I don't think homeschooling is necessarily all or nothing. If you need to go back to work for a few years while your children go to school, you may still be able to homeschool afterward.

I have heard about people who manage to arrange their hours and work things out with friends so that your children are cared for while you are working and you have other children stay with you while you are home.

Another idea is that you might also think, now, about learning some skill that you can use while working from home. We are homeschooling. My dh has steady work, but it is always a struggle for us, so I am in the process of becoming certified as a childbirth educator. I am hoping I can bring a little extra into the family by doing that evenings and weekends and, once my children are old enough that I am comfortable leaving them with someone at night, being a doula.
post #4 of 6
Thread Starter 

good answers

Thank you for your nice answers. I also followed Lilyka's thread on the hidden costs of homeschooling.

I talked a lot this week-end with my dh and friends from church and family and I have come to another realization about homeschooling or ps.

When you look around at families who's children have not rebelled against thier parents when the grew up and those that some-what followed in their parents foot steps it all comes down to taking lots of interest and participating in what your kids are doing.

I have some friends who's kids went to ps and turned out great, I asked her the secret, she said that she volunteered a lot at school, she went back to college after her kids started school and got enough hours so she could substitute teach at her kids school, she did as many of the school activites with them that she could and was always there emotionally and in person for her kids.

I think when you homeschool besides knowing just what your kids are exposed to you are much more aware of their needs and aspirations.

The conclusion that I came to is that even if I did send them to ps I still would not want to work full time because I would want to be more envolved in their schooling than what they bring home in the evening. I think this has convinced me to stick with my original dream to teach our kids at home.

Thank you all for your input.
post #5 of 6
I am glad you came to a decission you can feel at peace with. I think it would be very hard to send my children to public school if I had had a great homeschool experiance (and it sounds like you did

If I were there to help physicaly I would but I am not.
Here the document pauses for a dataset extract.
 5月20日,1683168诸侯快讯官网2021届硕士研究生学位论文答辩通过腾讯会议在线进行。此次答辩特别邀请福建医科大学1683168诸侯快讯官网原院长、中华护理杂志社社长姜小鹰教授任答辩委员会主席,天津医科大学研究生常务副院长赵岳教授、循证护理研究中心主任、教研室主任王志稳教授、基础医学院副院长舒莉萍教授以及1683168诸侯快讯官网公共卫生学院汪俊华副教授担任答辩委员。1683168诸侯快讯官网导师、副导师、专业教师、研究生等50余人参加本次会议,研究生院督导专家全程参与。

If you ever need just encouragement or support feel free to ask
post #6 of 6
as for your husband's dream - it may still be able to happen. this year I am working full time (yikes) and my husband is staying home with the kids. because my work schedule is flexible, we are planning to give him 20 hours a week to work on his book and start up free-lance writing. so some day you may be able to make it work, but it may mean that his business will have to start more slowly than he wants, and that he'll have to take over most of the household responsibilities.

another way to look at it is when the kids are older they may actually be able to help get the business started (and what an education that would be!)